These are chat archives for cltk/cltk

13th
May 2016
James Tauber
@jtauber
May 13 2016 00:20
I'm trying to think of a Greek translation for "Parsey McParseFace" :-)
I guess we just need VERB->deverbal-adjective + [VERB + "face"]->patronymic
for some VERB roughly equivalent to "to parse"
Kyle P. Johnson
@kylepjohnson
May 13 2016 00:28
Brilliant.
le/gw isn't far off. We should check the Eng-Grk dict that Chicago hosts
James Tauber
@jtauber
May 13 2016 02:49
@kylepjohnson I haven't looked at any of the pos-tagging stuff but does any of it use morphology or any kind of word-internal cues or are they all "outside / external" tagging?
Kyle P. Johnson
@kylepjohnson
May 13 2016 03:40
I've only skimmed the article. http://arxiv.org/pdf/1603.06042v1.pdf ...

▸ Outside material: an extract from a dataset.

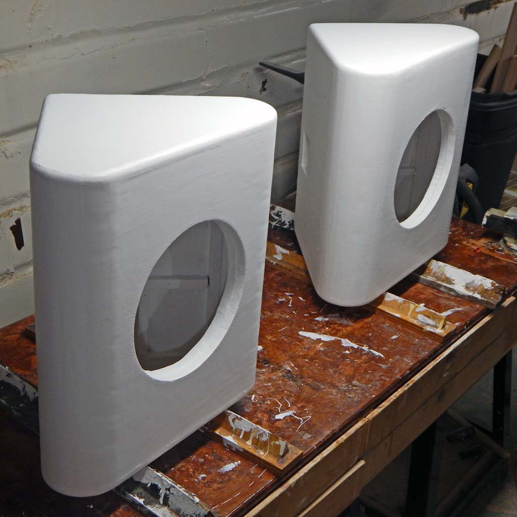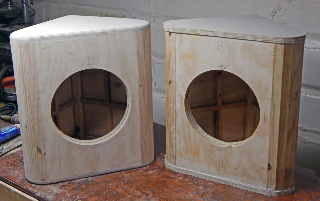 Triangular cabs seemed about as big as would fit the space. Cabs with internal volume big enough to be friendly to a 12” speaker. A 15 inch wide X 22 inch tall flat face. About 3.25 inch radiused curves-- 135 degree sweeps connecting the front baffle board to the two back sides of the triangular shape. The radiused curves smoothly tangent to both the front baffle board and the sides. Each radiused front-to-side corner has a smooth curve of about 8 linear inches. Perhaps the total unobstructed horizontal baffle-board width could “acoustically” be considered to be 15 inches of the flat front plus 16 inches of smooth curve, for an effective baffle board width of 31 inches? I'm too ignorant about speakers to know whether that is a proper way to think about it.
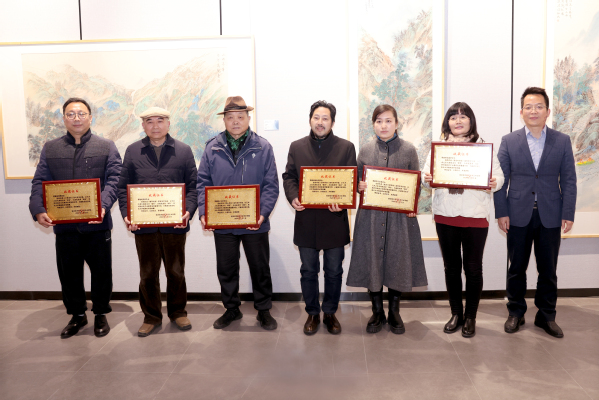单忠德、章剑华、张捷、吴春涛共同为“砚湖美术馆”揭牌,开馆仪式后,与会嘉宾参观了“美术专业教师备课展”。

"following features on a window ±3 tokens cen- tered at the current focus token: word, cluster, character n-gram up to length 3. " (p 5)
What hey mean by character n-gram I don't know (assuming the end)
James Tauber
@jtauber
May 13 2016 03:43
@kylepjohnson I actually meant existing POS stuff used in CLTK
Kyle P. Johnson
@kylepjohnson
May 13 2016 03:44
Oh haha. Sorry I've got TF on my mind a lot these days.
James Tauber
@jtauber
May 13 2016 03:44
like the CRF model you just trained
Kyle P. Johnson
@kylepjohnson
May 13 2016 03:44
CRF I don't know yet. It's well documented tho.
The TnT is really interesting. And way back I messed around with custom prefix/suffix algos but didn't do anything great for Greek or Latin
James Tauber
@jtauber
May 13 2016 03:46
character n-grams probably do a decent job although if they are trigrams and rely on a stop character for end-of-word, they're only getting the last two characters :-)
James Tauber
@jtauber
May 13 2016 04:09
although it's given me an idea for a little experiment and blog post :-)
James Tauber
@jtauber
May 13 2016 04:17
(i guess trigrams are fine because co-incidence of, say, ομε, μεν, and εν# would indicate a lot)
Kyle P. Johnson
@kylepjohnson
May 13 2016 04:20
That seems right
If you want to test any of this, including SyntaxNet, go for it
James Tauber
@jtauber
May 13 2016 04:21
or θησ ησο σον οντ ντα ται αι# :-)
oh, I'd definitely like to play around with it